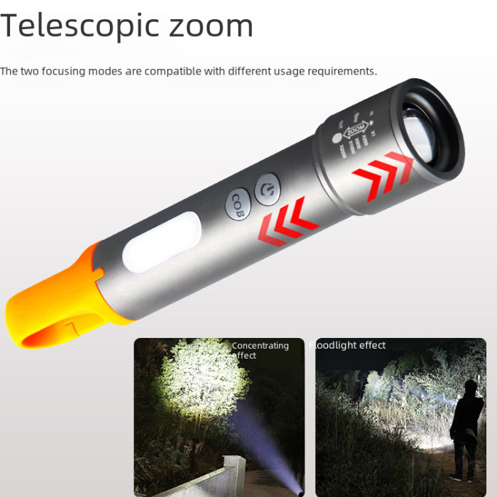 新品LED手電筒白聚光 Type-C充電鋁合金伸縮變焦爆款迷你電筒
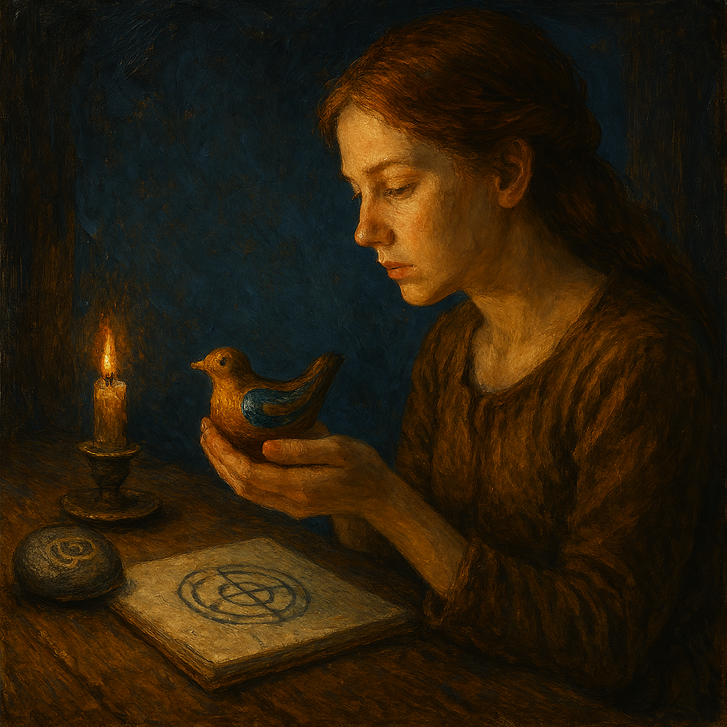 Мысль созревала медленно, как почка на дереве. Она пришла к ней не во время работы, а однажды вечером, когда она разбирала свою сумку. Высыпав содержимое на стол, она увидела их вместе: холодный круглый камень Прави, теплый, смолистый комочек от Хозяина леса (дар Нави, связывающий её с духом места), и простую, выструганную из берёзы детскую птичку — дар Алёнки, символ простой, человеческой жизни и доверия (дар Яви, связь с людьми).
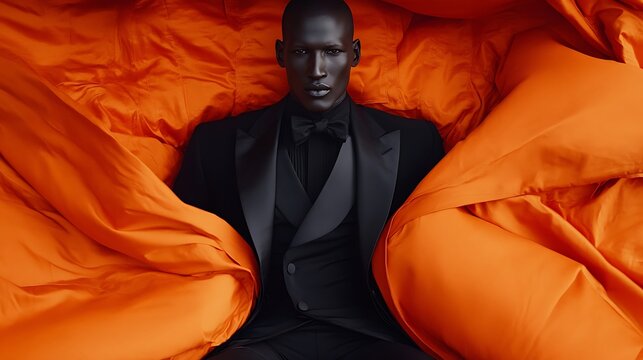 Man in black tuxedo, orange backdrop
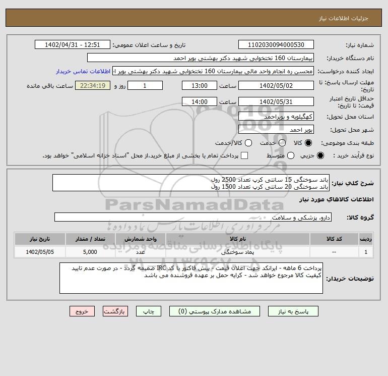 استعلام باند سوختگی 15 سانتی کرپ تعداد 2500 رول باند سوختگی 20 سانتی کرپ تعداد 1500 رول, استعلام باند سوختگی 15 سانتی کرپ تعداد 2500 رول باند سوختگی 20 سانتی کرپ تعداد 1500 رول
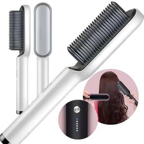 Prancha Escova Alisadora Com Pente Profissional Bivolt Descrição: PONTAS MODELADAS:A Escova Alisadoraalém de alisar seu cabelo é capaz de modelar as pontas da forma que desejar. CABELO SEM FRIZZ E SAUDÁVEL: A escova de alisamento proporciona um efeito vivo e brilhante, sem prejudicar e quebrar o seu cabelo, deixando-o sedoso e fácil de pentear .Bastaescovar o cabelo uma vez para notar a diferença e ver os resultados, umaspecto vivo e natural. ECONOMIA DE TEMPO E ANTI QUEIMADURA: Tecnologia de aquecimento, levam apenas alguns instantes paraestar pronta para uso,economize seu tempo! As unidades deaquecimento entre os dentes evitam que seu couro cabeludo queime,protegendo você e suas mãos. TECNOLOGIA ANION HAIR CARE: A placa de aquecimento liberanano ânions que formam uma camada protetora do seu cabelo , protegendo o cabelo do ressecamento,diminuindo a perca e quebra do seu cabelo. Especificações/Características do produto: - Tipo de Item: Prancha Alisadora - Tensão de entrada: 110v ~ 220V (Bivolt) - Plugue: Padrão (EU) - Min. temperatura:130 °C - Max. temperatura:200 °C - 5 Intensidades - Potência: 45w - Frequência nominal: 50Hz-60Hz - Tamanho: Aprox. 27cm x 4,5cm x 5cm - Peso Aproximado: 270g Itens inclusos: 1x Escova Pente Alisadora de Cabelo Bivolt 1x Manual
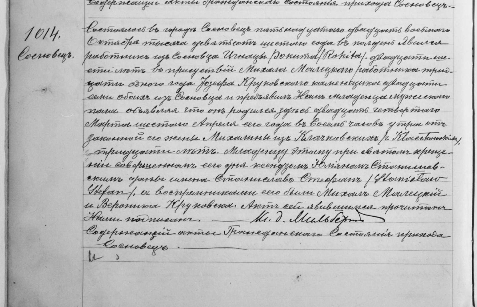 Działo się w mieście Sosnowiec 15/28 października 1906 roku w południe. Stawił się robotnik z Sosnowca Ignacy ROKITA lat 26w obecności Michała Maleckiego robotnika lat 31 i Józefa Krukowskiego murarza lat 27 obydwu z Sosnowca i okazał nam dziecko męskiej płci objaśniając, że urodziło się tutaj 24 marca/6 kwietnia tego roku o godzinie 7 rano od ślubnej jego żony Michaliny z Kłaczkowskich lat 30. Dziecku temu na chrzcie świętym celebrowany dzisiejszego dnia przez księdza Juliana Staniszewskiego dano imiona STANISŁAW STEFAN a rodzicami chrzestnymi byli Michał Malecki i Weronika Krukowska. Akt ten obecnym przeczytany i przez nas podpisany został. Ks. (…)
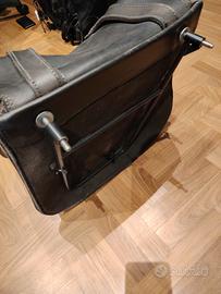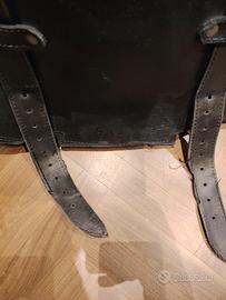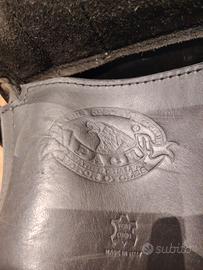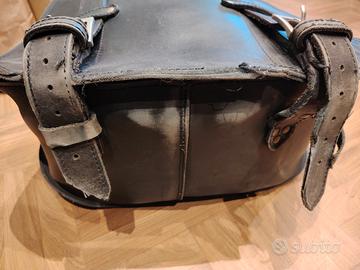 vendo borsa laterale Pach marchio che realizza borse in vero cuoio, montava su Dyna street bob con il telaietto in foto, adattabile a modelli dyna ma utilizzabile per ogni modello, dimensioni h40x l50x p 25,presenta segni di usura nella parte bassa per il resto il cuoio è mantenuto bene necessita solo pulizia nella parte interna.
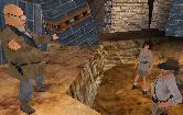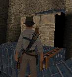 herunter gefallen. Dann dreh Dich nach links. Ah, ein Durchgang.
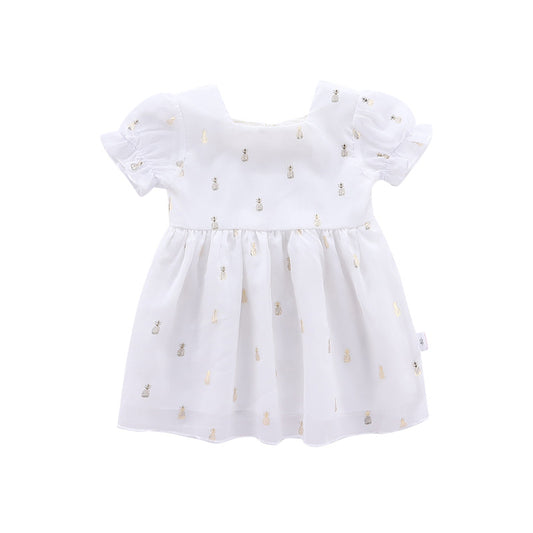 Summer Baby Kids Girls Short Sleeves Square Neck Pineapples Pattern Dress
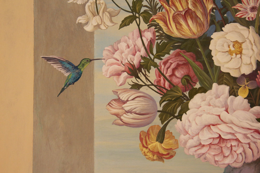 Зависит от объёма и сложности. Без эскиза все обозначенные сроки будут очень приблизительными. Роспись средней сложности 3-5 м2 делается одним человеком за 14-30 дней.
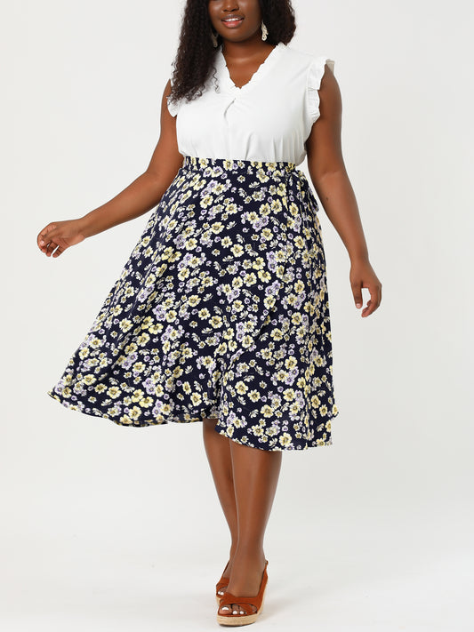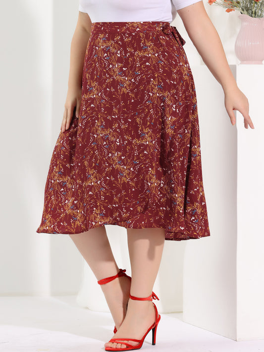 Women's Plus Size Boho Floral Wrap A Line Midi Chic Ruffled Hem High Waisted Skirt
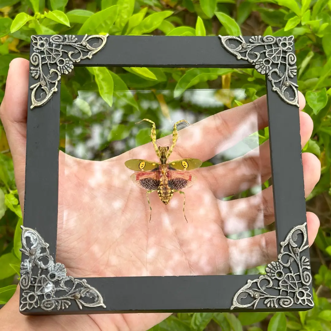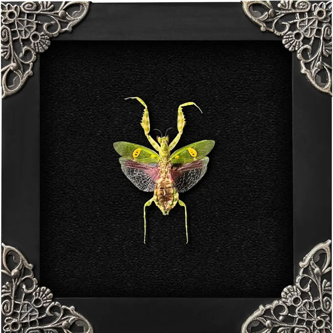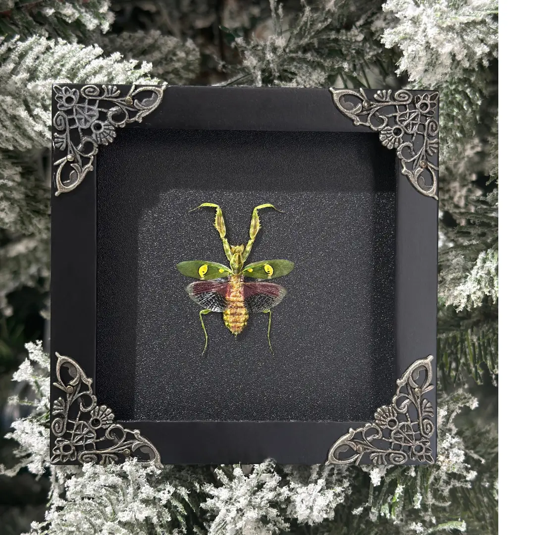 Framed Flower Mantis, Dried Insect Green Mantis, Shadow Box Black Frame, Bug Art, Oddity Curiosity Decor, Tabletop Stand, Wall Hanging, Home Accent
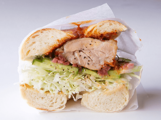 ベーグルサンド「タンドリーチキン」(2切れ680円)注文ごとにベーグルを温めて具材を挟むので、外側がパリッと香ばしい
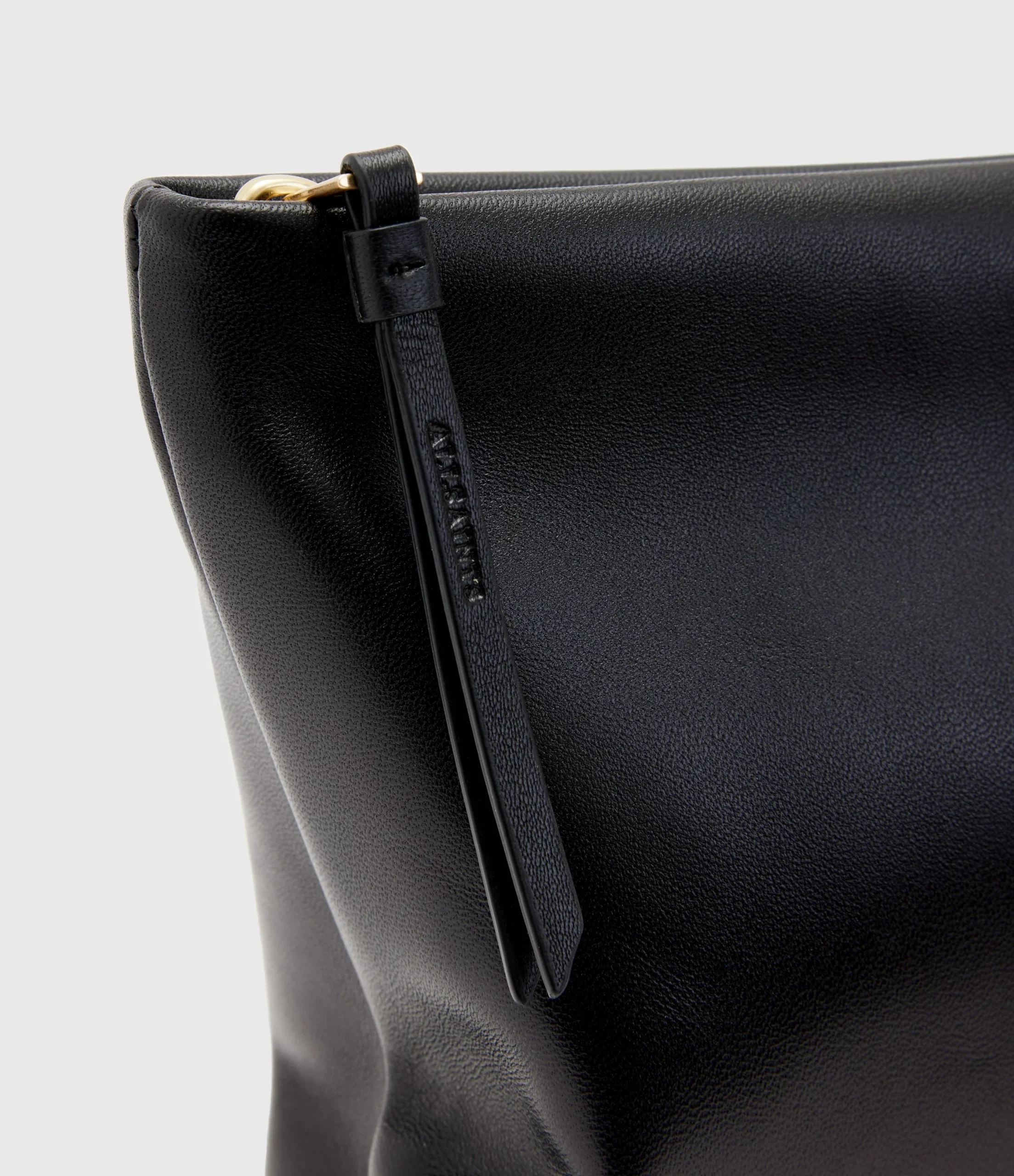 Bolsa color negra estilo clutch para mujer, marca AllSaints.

### Instructions for the task
Would you repeat exactly, and only, the lines from the start of the records above through the line containing "1500 رول, استعلام", with the pictures omitted?

### Answer to the problem
 新品LED手電筒白聚光 Type-C充電鋁合金伸縮變焦爆款迷你電筒
 Мысль созревала медленно, как почка на дереве. Она пришла к ней не во время работы, а однажды вечером, когда она разбирала свою сумку. Высыпав содержимое на стол, она увидела их вместе: холодный круглый камень Прави, теплый, смолистый комочек от Хозяина леса (дар Нави, связывающий её с духом места), и простую, выструганную из берёзы детскую птичку — дар Алёнки, символ простой, человеческой жизни и доверия (дар Яви, связь с людьми).
 Man in black tuxedo, orange backdrop
 استعلام باند سوختگی 15 سانتی کرپ تعداد 2500 رول باند سوختگی 20 سانتی کرپ تعداد 1500 رول, استعلام باند سوختگی 15 سانتی کرپ تعداد 2500 رول باند سوختگی 20 سانتی کرپ تعداد 1500 رول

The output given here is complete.